In settling these matters, none of the firms admitted nor denied the charges, but consented to the entry of FINRA’s findings.

LEVERAGED EXCHANGE TRADED FUNDS OR ETF’s RESTRICTED BY BROKER-DEALERS

On July 24, 2009, it was reported that LPL Investment Holdings Inc. of Boston and Ameriprise Financial Inc. (AMP) of Minneapolis were following in the footsteps of Edward Jones & Co. by placing restrictions or entirely prohibiting the sale of leveraged exchange-traded funds or ETFs. ETFs trade daily on exchanges. Leveraged versions of ETF’s somtimes called “ultra” use futures or derivatives to multiply the daily returns of an index. The ETFs include short funds which can be used to bet against the market. The funds use derivatives to increase market exposure.

One commentator has raised particular concerns that retail investors may not understand how leveraged ETFs work, particularly short ETFs.

FLORIDA EXPANDS ENFORCEMENT AUTHORITY FOR VIOLATIONS OF FLORIDA SECURITIES AND INVESTOR PROTECTION ACT

On June 29, 2009, the Governor of Florida signed into law legislation to expand the jurisdiction of Florida’s Office of Statewide Prosecution by adding violations of the Florida Money Laundering Act and the Florida Securities and Investor Protection Act (“FSIPA”) to the list of offenses that may be considered by a statewide grand jury. Further, the legislation provides additional investigation and enforcement authority of the Florida Attorney General for securities violations, and authorizes the Attorney General to recover costs and attorney fees.

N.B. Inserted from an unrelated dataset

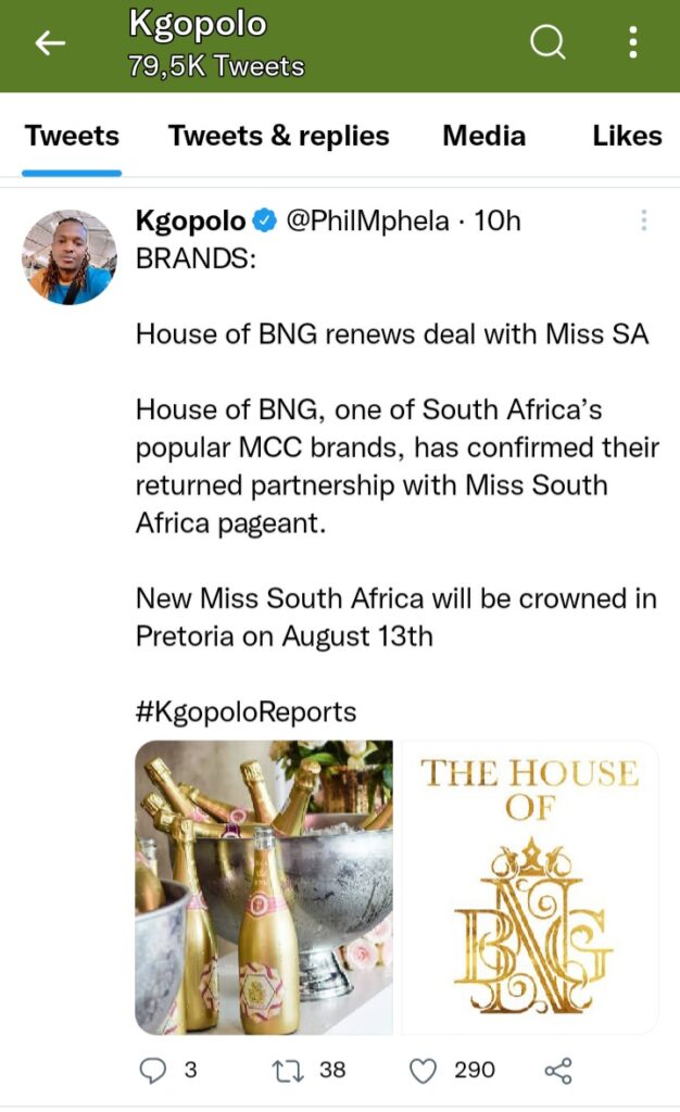 The details were shared by entertainment and television host Kgopolo Phil Mphela on his Twitter account.

The law also expands the class of persons related to or associated with an applicant for registration as a dealer, associated person, or issuer of securities or registrant for which specified violations may result in adverse actions taken against registrations. Additionally, the law authorizes the Office of Financial Regulation (“OFR”) to bar specified persons from submitting applications or notifications for license or registration under specified circumstances.

The law allows the OFR to impose an emergency suspension in cases where a dealer, associated person, or issuer of securities fails to provide books and records requested by the OFR pursuant to its authority. The OFR is authorized to consider the following as a ground for a denial, suspension, or revocation action:

• A finding of a violation of Chapter 517, F.S., in an arbitration proceeding;
• A conviction of, or entrance of a plea of guilty or nolo contendere to, a crime contemplated under this subsection will be considered regardless of whether adjudication has been withheld;
• Whether the registrant is arrested for a crime which would be the basis for a denial, revocation, or suspension under s. 517.161(1), F.S.

FINRA PROPOSES ADDITIONAL DISCLOSURE IN BROKERCHECK

On April 27, 2009, FINRA announced that  it was proposing the expansion of its BrokerCheck service to make records of final regulatory actions against brokers permanently available to the public.  Under current rules, a broker’s record generally becomes unavailable to the public two years after he or she leaves the securities industry and is therefore no longer under FINRA’s jurisdiction.  BrokerCheck is derived from which is the securities industry online registration and licensing database, referred to as the Central Registration Depository or “CRD.”